Pero pronto nos dimos cuenta de que dicho concepto reducía el espectro de los protagonistas del movimiento. Daniel Viglietti, Alfredo Zitarrosa y Los Olimareños en Uruguay, Víctor Jara y los Parra en Chile, Nicomedes Santa Cruz en Perú, Alí Primera en Venezuela, y el veterano Carlos Puebla y los entonces novísimos Silvio Rodríguez, Pablo Milanés y Noel Nicola en Cuba, por citar a unos pocos, abarcaban mucho más desde la juglaresca. Ya lo dijo Oscar en el diálogo que sostuvimos en 2002: las canciones no se venden, se comparten. En buena lid, se entregan; no se consumen; siembran ideas, no tonterías; van a lo hondo, no quedan en la superficie; rescatan valores, no los despilfarran; y entienden la belleza sin artificios ni maquillajes. Mucho más pertinente fue hablar de la Nueva Canción latinoamericana.
El sabía de las dificultades de hallar canales, en los marcos de la industria hegemónica del entretenimiento, para que el arte que defendía llegara a la gente. Y las venció a base de talento, perseverancia y compromiso. Sin concesiones.
Había que oírlo entonar La casita y observar la reacción del público. En uno de los conciertos que dio en el Auditorio Nacional, le acotaban con datos la actualización de los versos de la pieza. Es una obra donde la sátira política empata con un dejo de amargura. Cada vez que la escucho viene a mi mente una pintada que Alfonso Arau retrató en su filme Calzoncin inspector: “Viva la Revolución”.
En esa línea habrá que oírlo también en un álbum delicioso por el punzante humor expresado en formas musicales de puro sabor popular: Parodias políticas (1975), Allí incluyó La casita junto a otras perlas como Nocturno a un diputado y El corrido del pan y la tortilla.
Se puede pulsar la rabia contenida en Se vende mi país. Pocas coplas en América Latina resume con tanta contundencia la tragedia del modelo neoliberal que ha arrasado con recursos naturales y erosionado soberanías, “por un pinche puñado de dinero”. Pareciera una visión demasiado apocalíptica hasta que el trovador enarbola como principio: “Yo no lo vendo, no, / porque lo quiero. / Yo no lo vendo, no, /mejor me muero”. Su voz dista de ser personal, encarna la dignidad de muchos más de los que se piensa.

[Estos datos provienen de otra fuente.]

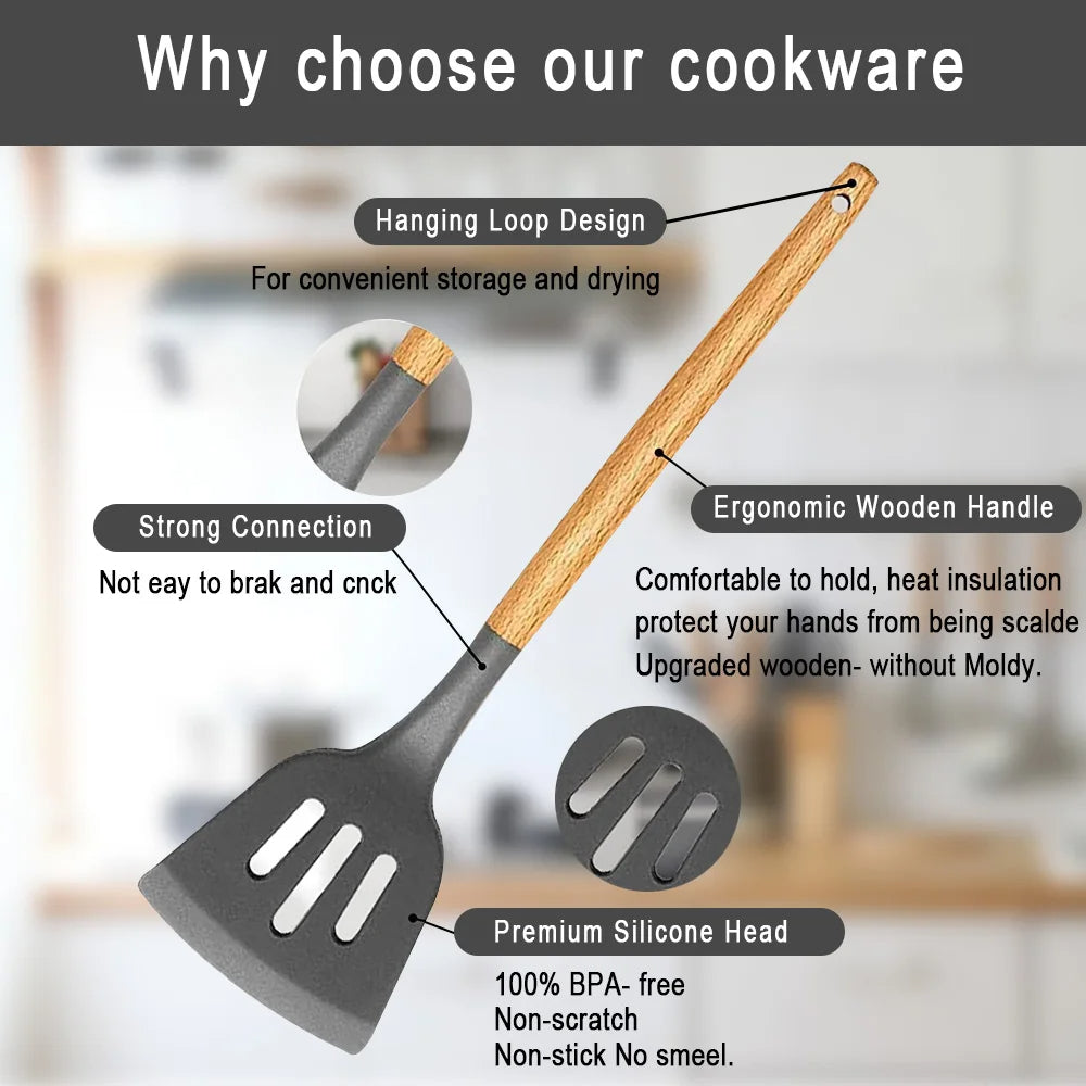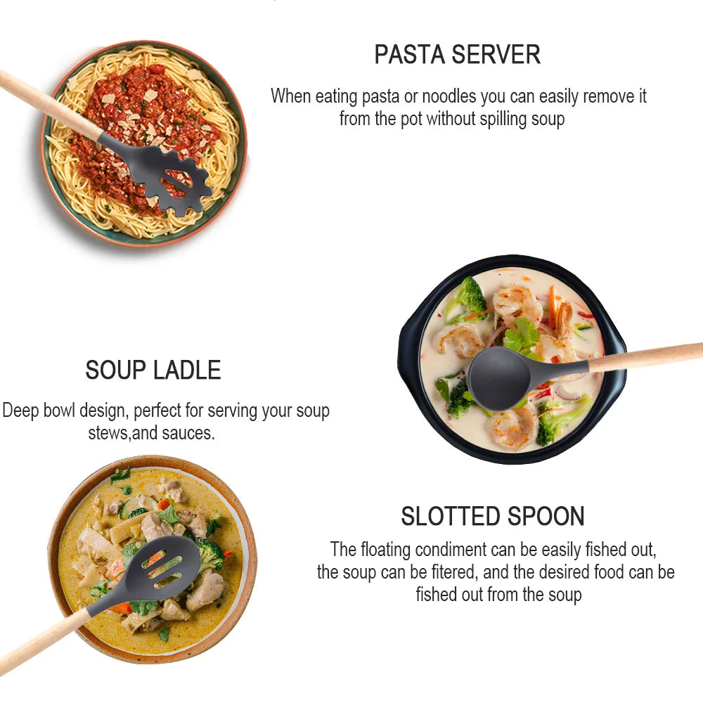 Transform your cooking experience with this 11-piece silicone utensil set, crafted for convenience, durability, and style. Made from heat-resistant, non-stick silicone, each tool is gentle on cookware and ideal for all types of food prep. The elegant wooden handles offer a secure grip and a touch of natural charm, with a detachable design for effortless cleaning and storage. A perfect companion for home chefs and cooking lovers.
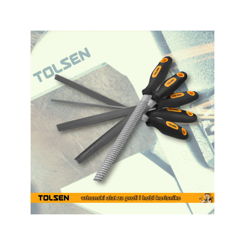 U setu su ravna , poluokrugla, okrugla i trouglasta turpija za metal i jedna poluokrugla turpija za drvo.
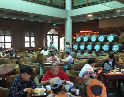一路盘山公路上到一馆,咖啡城堡果真不同凡响。能眺望到远处龟山,也能俯瞰全城。城堡内还能走到露台。内部和外面都能小憩,停车位也充足。
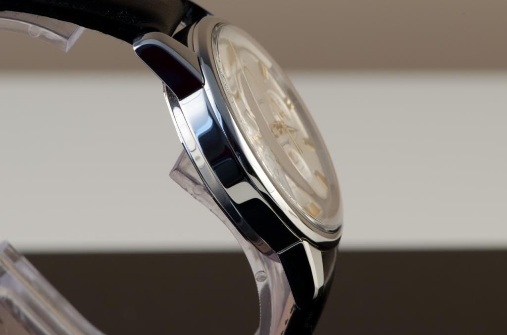 I would rate watch in near mint 95% condition. The only mark I can find on it is on the lower
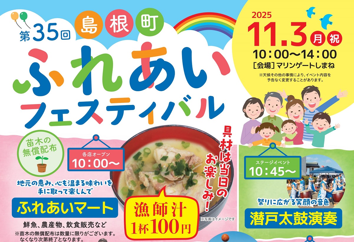 | ざっくり内容 | 農林水産物をはじめとした島根町の地域産品や郷土料理の販売、無料で参加できるお楽しみ企画が目白押し。秋の島根町を楽しみましょう! |
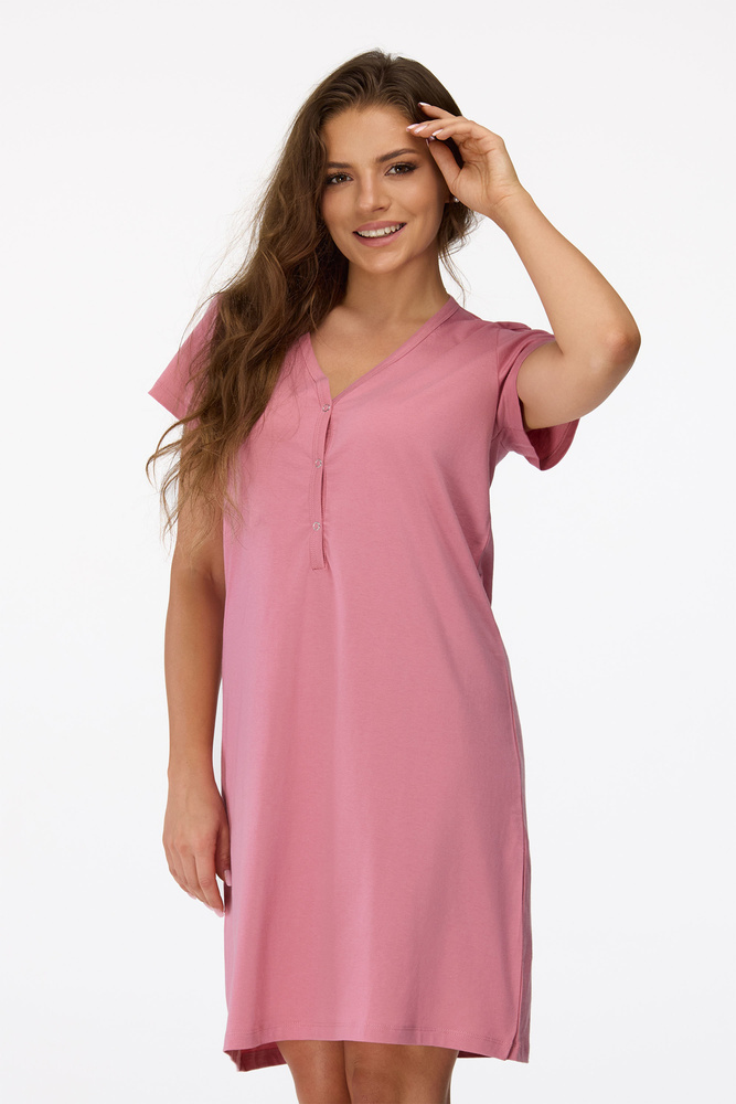 no. 20 Camisón de embarazada Senizo rosa antiguo - 100% algodón, manga corta, lactancia abotonada
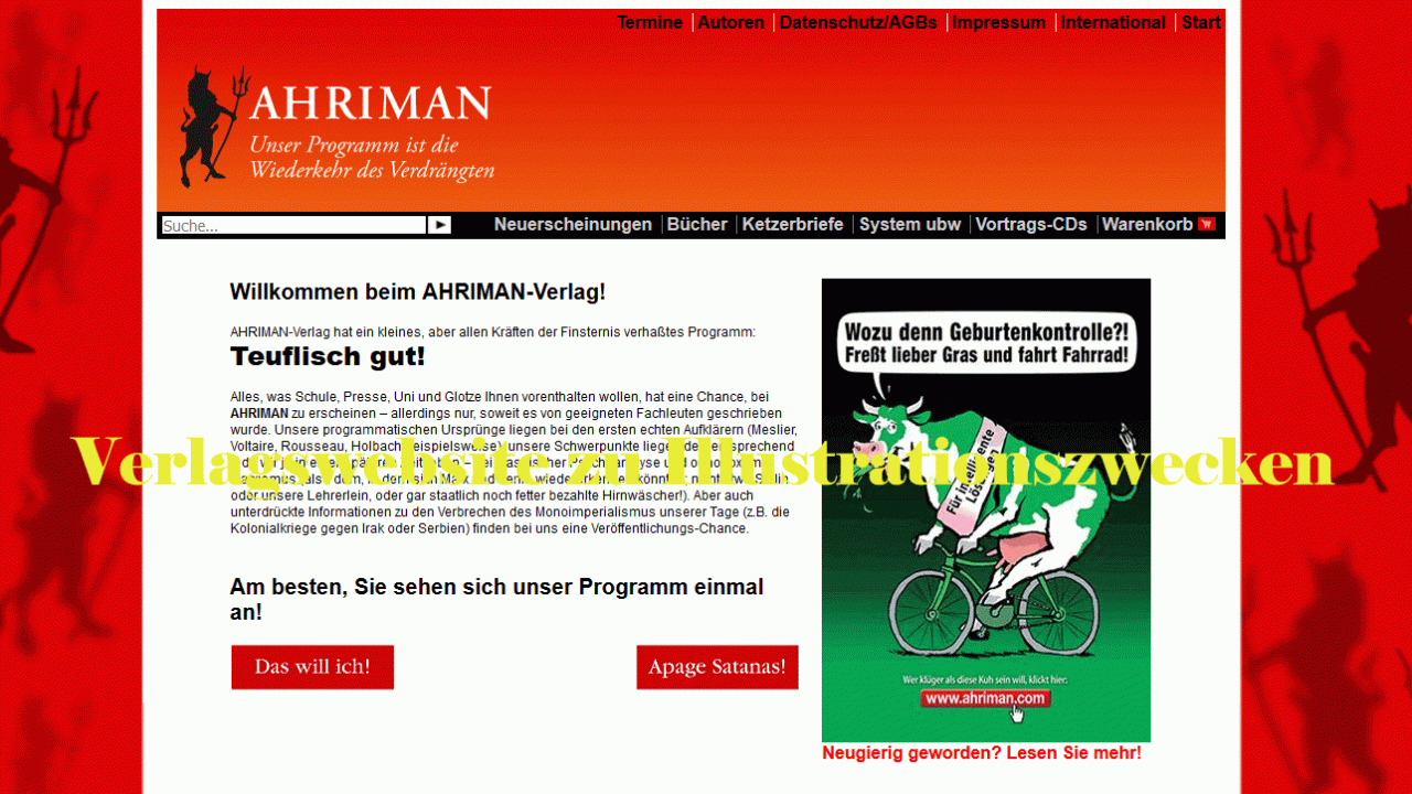 Dieser Verlag bezeichnet sich selbst in kruder Weise als „links und damit Voltairiane“, allerdings erscheinen hier u. a. Bücher mit Titeln wie „Die Flutung Europas mit falschen Flüchtlingen. Vom Dreisam-Mörder Hussein Khavari, seinem Umfeld und dessen Schutzengeln“ (2018), in denen von „Rapefugees“, der „Soros-Verschwörung“ und dem „Zerrspiegel der Lügenpresse“ die Rede ist. Diese Sprache kennt man von Akif Pirinçci, PEGIDA und AfD und sie findet sich in zahlreichen anderen Veröffentlichungen des Verlags wieder. Er bringt außerdem die Ketzerbriefe des Bundes gegen Anpassung heraus, eines Überbleibsels aus der Zeit der K-Gruppen der 1970-er Jahre, – diese Gruppierung wird als abstruse „rechtslastige Politsekte“ bezeichnet (vgl. haglil.com). Der Ahriman Verlag bedient mit solchen Publikationen, wenn auch in einer sehr eigenwilligen Weise, sexistische und rassistische Stereotype und antisemitische Verschwörungstheorien (vgl. Dokumentieren gegen rechts).
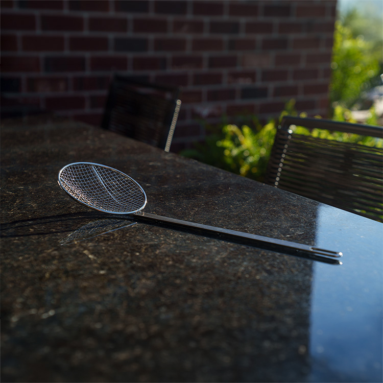 Achieve culinary perfection with our Skimmer, designed to make straining and lifting ingredients a breeze. Ideal for outdoor cooking, this versatile tool is perfect for removing shrimp, crawfish, and other foods from boiling pots or deep fryers. Crafted from durable, heat-resistant materials, the Skimmer features a sturdy handle for comfortable use and a fine mesh bowl for efficient draining.
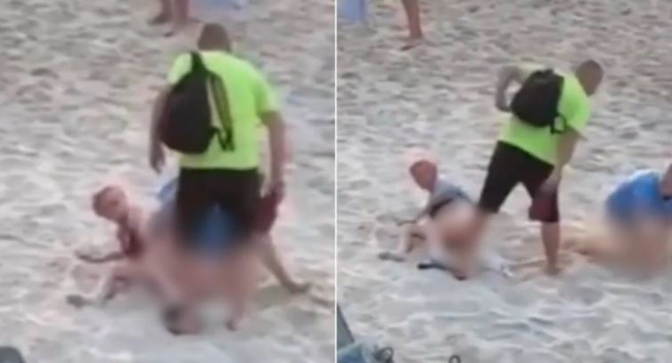 Furioso, um homem, que não foi identificado, chega perto do casal, pega o chinelo e bate várias vezes no homem, que se levanta e deixa o local cambaleando, aparentemente bêbado. Mais tarde, ele foi detido e levado para uma detenção pública.

Otro Oscar se dio a querer, el de las cuatro canciones con versos de José Martí –la mejor para mí, La niña de Guatemala, pero ojo con la fusión de guajira y huapango de Yo tengo un amigo muerto-; las canciones esenciales de amor –quién quisiera decir al oído de la amada o el amado Por ti-; y el que con suma humildad incorporó a su repertorio piezas representativas de la tradición continental. Como el tremendo bolero Perdón, del puertorriqueño Pedro Flores, el cual en su día fue una gema en las voces de Benny Moré y Pedro Vargas.
En nuestro encuentro de 2002 sólo hubo un momento de tensión, cuando le dije que no me gustaba su celebrada Macondo. Hizo silencio y más tarde respondió: “Te pasa lo que a mí, prefiero el original (Cien años de soledad) y no la copia”.
Tocado días atrás por la muerte de su colega español Luis Eduardo Aute, Oscar escribió los siguientes versos: “Quién va a escuchar tu latido / hasta el último sonido / de tu pintura y canción. /Qué harás con el corazón / de tanto amigo querido”. Bien le caben a Oscar esas palabras en su entrada definitiva a la casa grande, la de la patria que Martí llamó Nuestra América.